Wherever pictures appear in the listing below, leave them out, and copy exactly, and only, everything from the line with "Im Folgenden erfahren" down to the line with "Ett heltal n2 kallas kvadratpositivt".

***** INFORMATION SUPPLIED

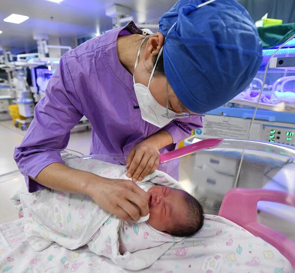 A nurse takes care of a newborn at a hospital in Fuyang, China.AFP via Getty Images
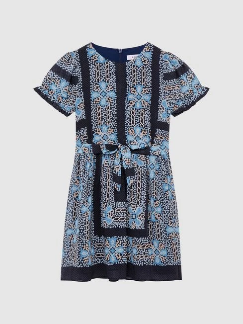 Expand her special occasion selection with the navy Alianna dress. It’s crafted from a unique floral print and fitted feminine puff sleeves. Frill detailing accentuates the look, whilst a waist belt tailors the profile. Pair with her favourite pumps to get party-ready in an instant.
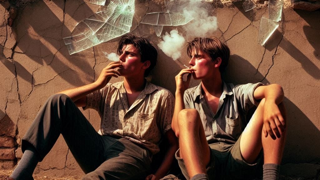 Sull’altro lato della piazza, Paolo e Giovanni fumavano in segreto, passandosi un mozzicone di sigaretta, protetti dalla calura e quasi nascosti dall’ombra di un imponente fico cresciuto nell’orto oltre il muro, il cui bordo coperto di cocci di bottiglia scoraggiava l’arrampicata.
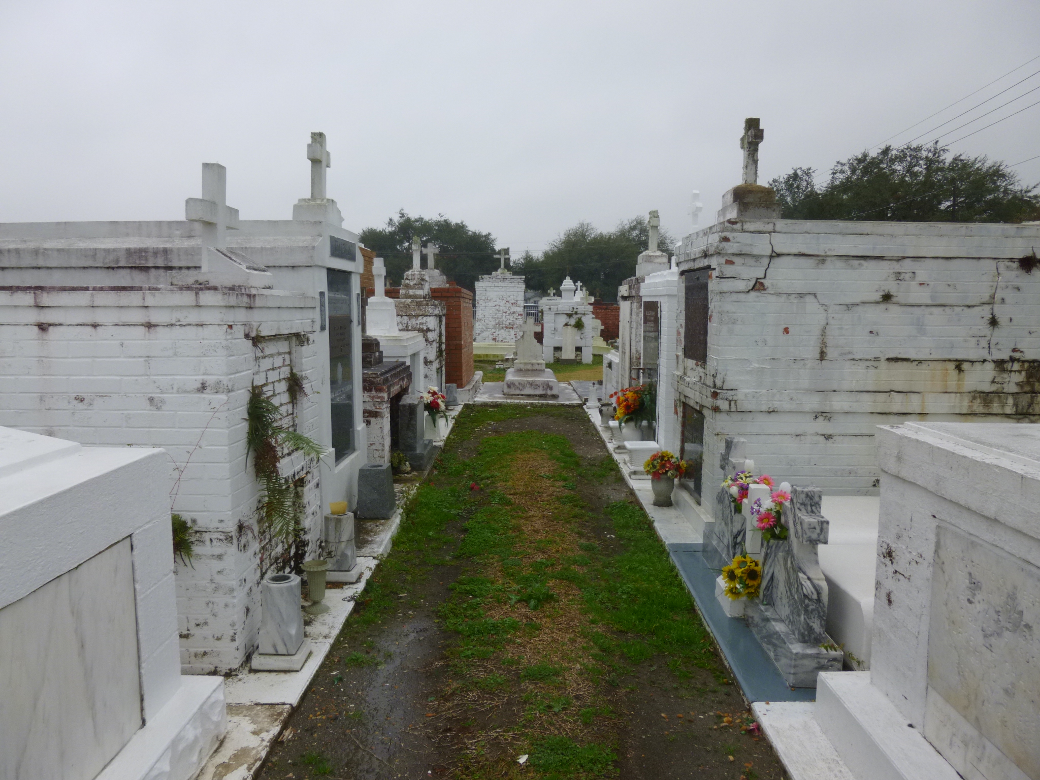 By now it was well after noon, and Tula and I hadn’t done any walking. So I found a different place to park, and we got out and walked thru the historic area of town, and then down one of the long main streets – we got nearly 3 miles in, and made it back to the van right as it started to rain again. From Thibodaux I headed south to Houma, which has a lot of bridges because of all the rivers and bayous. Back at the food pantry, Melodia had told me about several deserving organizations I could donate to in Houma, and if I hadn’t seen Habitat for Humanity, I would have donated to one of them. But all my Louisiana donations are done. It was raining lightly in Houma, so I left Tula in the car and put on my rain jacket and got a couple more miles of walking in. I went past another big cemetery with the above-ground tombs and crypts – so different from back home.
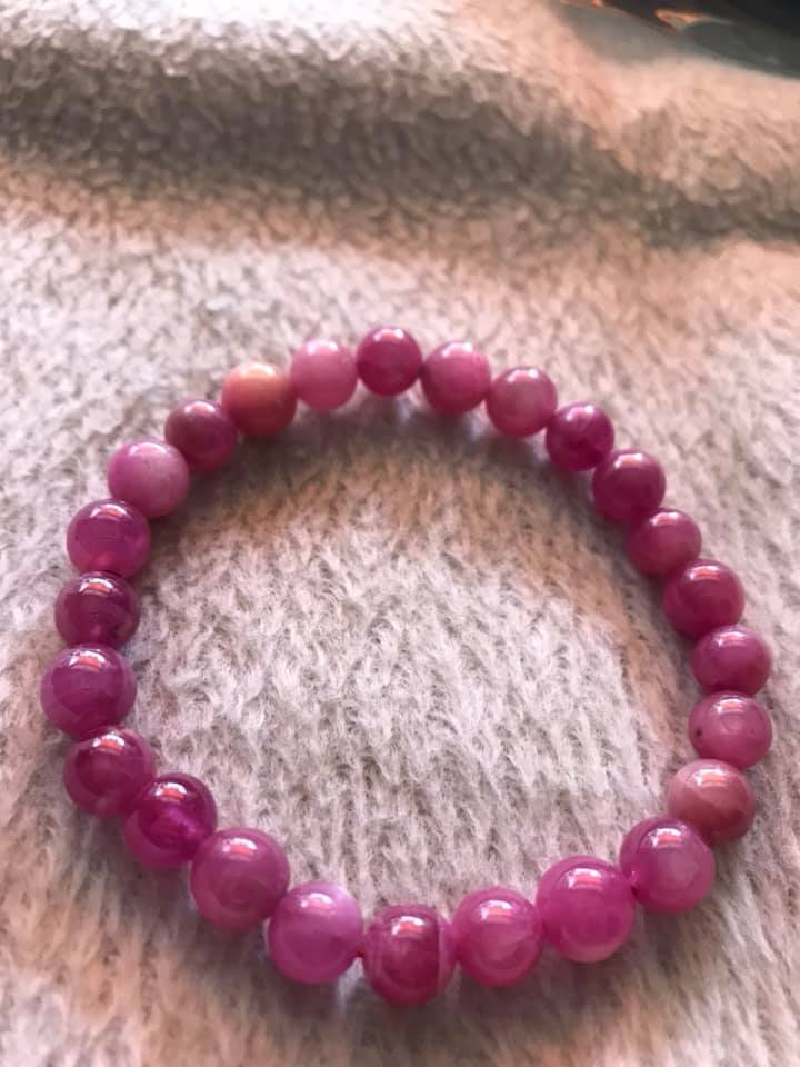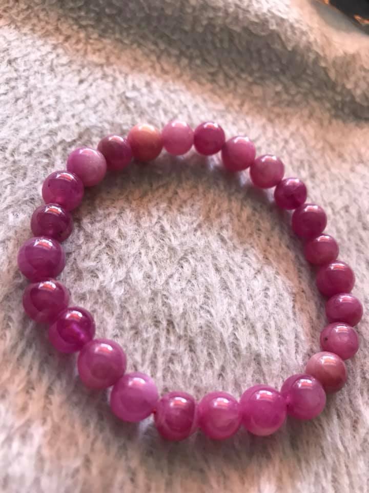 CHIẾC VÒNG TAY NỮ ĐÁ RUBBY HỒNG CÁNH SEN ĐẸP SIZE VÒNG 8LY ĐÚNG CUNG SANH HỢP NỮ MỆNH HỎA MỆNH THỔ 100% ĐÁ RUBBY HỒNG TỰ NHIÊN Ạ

**********
***** INFORMATION SUPPLIED

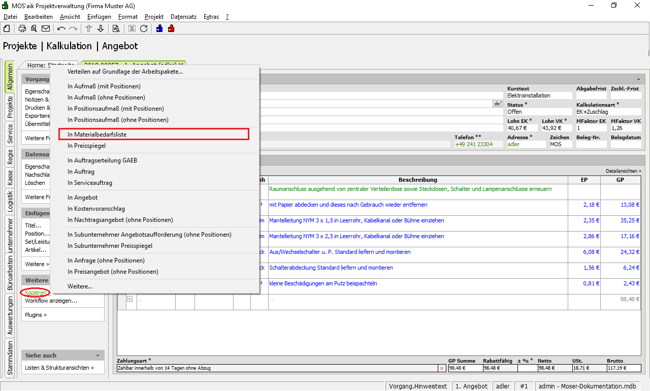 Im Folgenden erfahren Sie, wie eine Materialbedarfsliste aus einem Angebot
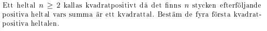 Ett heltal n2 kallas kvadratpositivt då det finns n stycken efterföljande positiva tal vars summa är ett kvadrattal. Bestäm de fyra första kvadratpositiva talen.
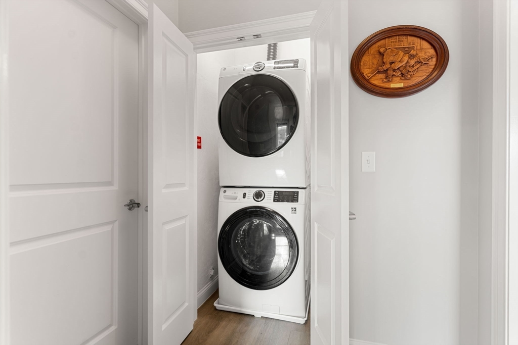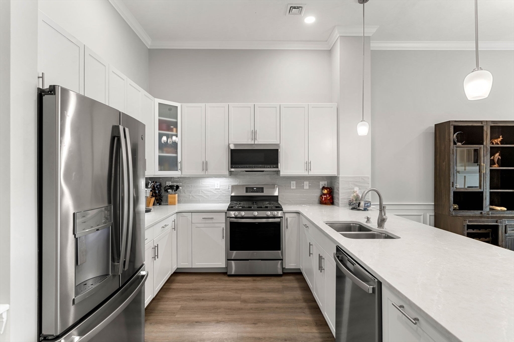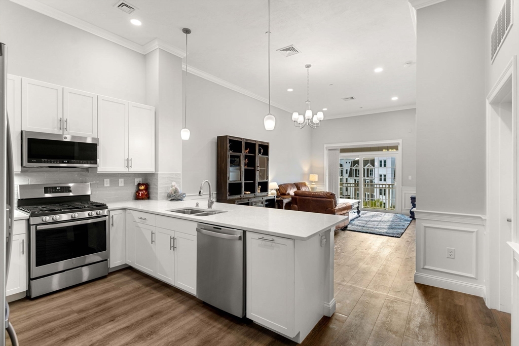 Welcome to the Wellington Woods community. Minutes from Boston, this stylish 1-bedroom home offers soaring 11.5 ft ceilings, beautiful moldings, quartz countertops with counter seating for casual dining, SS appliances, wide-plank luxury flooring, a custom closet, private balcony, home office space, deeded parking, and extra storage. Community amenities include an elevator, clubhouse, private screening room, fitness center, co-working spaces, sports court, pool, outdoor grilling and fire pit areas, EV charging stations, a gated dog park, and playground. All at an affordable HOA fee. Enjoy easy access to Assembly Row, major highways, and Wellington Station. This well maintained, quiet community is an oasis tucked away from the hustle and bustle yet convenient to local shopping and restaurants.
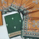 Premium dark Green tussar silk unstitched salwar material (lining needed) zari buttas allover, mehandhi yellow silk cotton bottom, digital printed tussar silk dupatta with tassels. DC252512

**********

▶ **ANSWER SECTION**:
 Im Folgenden erfahren Sie, wie eine Materialbedarfsliste aus einem Angebot
 Ett heltal n2 kallas kvadratpositivt då det finns n stycken efterföljande positiva tal vars summa är ett kvadrattal. Bestäm de fyra första kvadratpositiva talen.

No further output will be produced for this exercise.